The issues in the current rise in wealth dispairty are due to two things.

1) There are far more single parent /single person households on the bottom end of the spectrum...

2) The rich are more often marrying the rich.  Meaning it's much harder to "Marry up" out of poverty.  (Due to women in the workplace, the rise of suburbs, gated communities.)

 

Again, this is not to say there isn't a very small 1% or more like .1% that are getting more and more rich.  However, they aren't getting rich off the poor's backs, but at the expense of the lesser rich.

 

I believe what you saw was that households went from one income to two incomes, and then divorce rates went up, so there was one bread winner in the house.  The anything but the upper end flatlined actually, and other costs went up.  Now add globalization and the loss of manufacturing jobs.  And the bottom part, has fallen behind, if you factor in inflation.  Globalization and competing with China plays a part.  Most new jobs created are low end retail and low paid jobs.  Stuff more immune to globalization is on low end, if can be done with a lot, or if benefitting from globalization (as in scarce globally) results in these people doing real well.  America has run out of places to get more money to keep up.  Credit cards are maxed out, and the borrow from equity is not there.

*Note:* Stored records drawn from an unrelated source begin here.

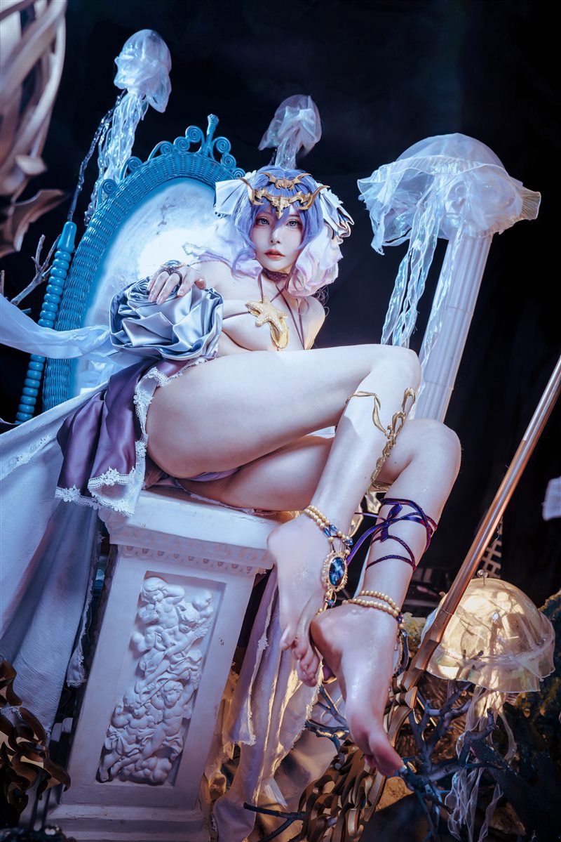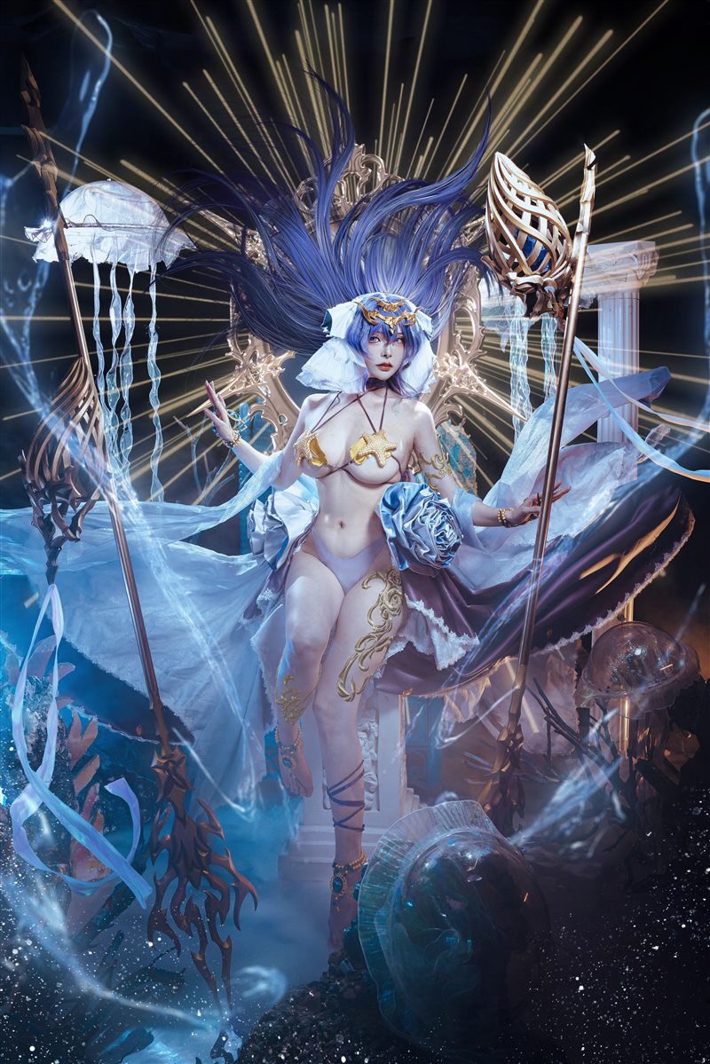 在这次的波塞冬cosplay中,秋和柯基再次展现了她对角色的精准把握和对细节的极致追求。 波塞冬是古希腊神话中的海神,掌管着海洋的神秘力量,秋和柯基通过服装、道具以及妆容的精心搭配,完美地再现了这一神话人物的形象。 她的眼神中透露出波塞冬的威严与力量,仿佛真的能够召唤海浪和风暴。
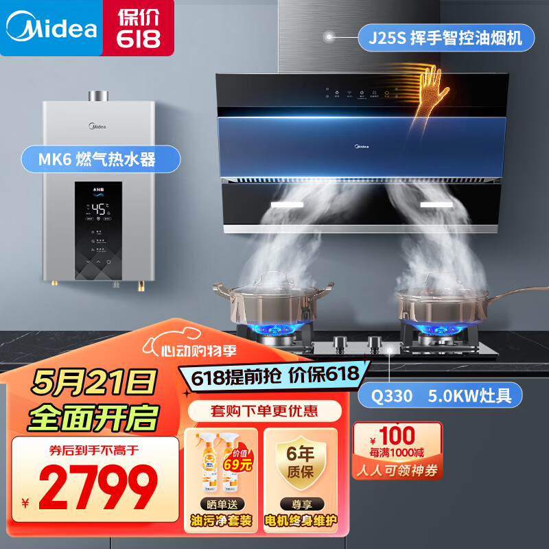 美的(Midea)【烟灶热水器套购】侧吸式21大吸力5.0kW火力烟灶J25S+Q330天然气搭16升热水器MK6价格:2999.00元!
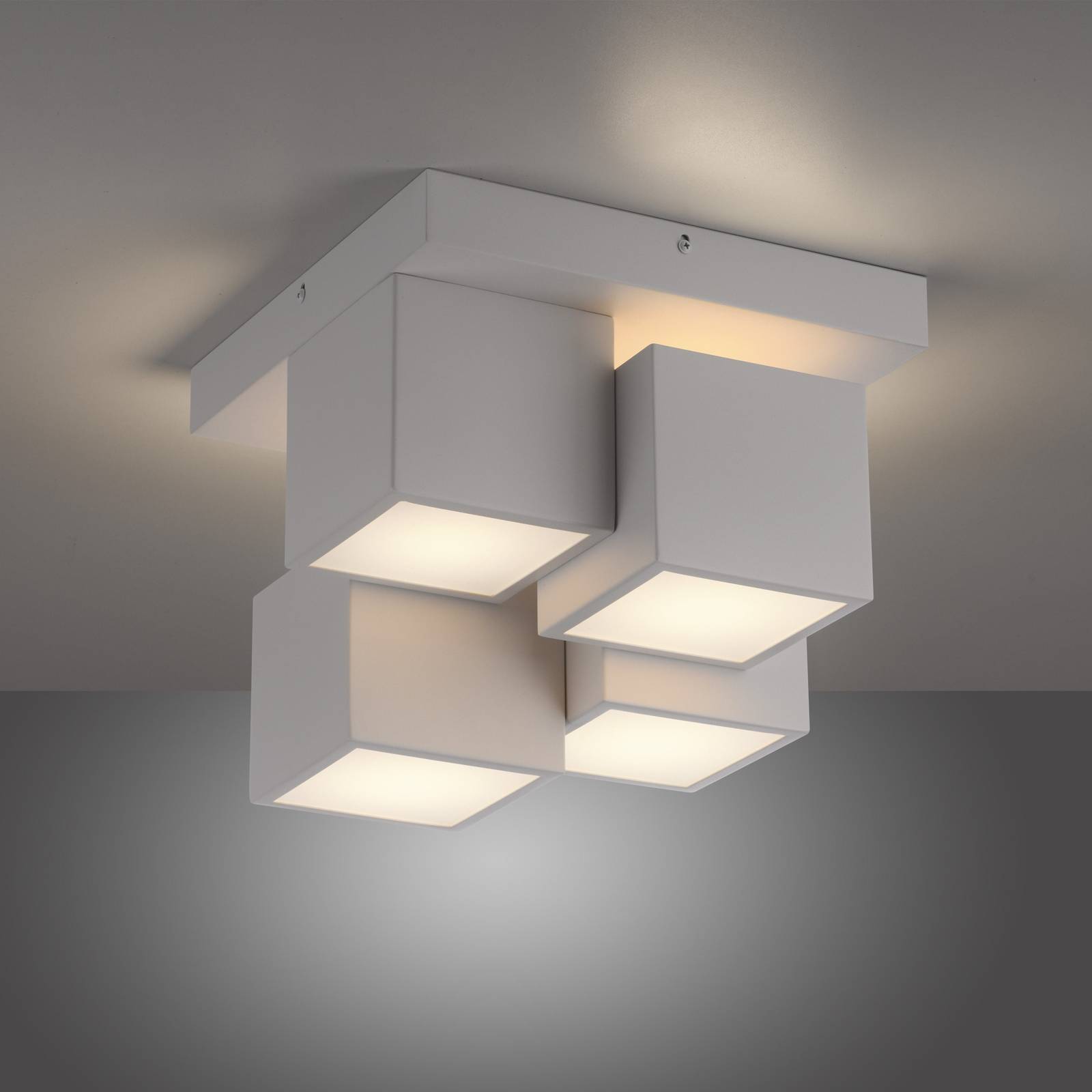 Plafoniera LED Tetris dal look angolare La plafoniera ED angolare Tetris è realizzata in metallo ed è dotata di quattro elementi luminosi a forma di cubo che si trovano ad altezze diverse sotto il rosone angolare. Ogni cubo è chiuso in basso da una copertura satinata, in modo da emettere una luce omogenea nell'ambiente. Una parte della luce fatto anche verso il soffitto, creando bellissimi effetti luminosi - Non dimmerabile - Materiale di montaggio incluso
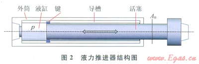 液力推進(jìn)器連接在下部鉆具內(nèi)。它是一個(gè)液缸活塞短節(jié)。圖2為液力推進(jìn)器結(jié)構(gòu)岡例。依靠液缸內(nèi)的液體壓力推動(dòng)活塞運(yùn)動(dòng),實(shí)現(xiàn)給鉆頭加壓。依靠外筒上的導(dǎo)槽與活塞端部的鍵來傳遞扭矩。

We pretty much have infrastructure with colleges at one level, and medical at one level, making costs to survive expensive, and the ability to pay not there.  Currently, I am working a low paying helpdesk at home, and cheating severely to make it by not paying rent while staying with family.  I am going to need to see what happens with my Medicaid.  If I didn't have Medicaid actually, I probably wouldn't of been fixed enough to do a desk job (bad disk = no sitting, thus no desk job).

Again... that's not actually true when you count individual earnings.  (The flatlining)

As for the creation of low end jobs.

For that to be true and individual gini coefficent to be down.  That would mean that "Real Median household income" would need to be down.

Which it isn't.   Well it has been from 2008 to 2011.... (and still plummeting) however that hasn't been a long term thing.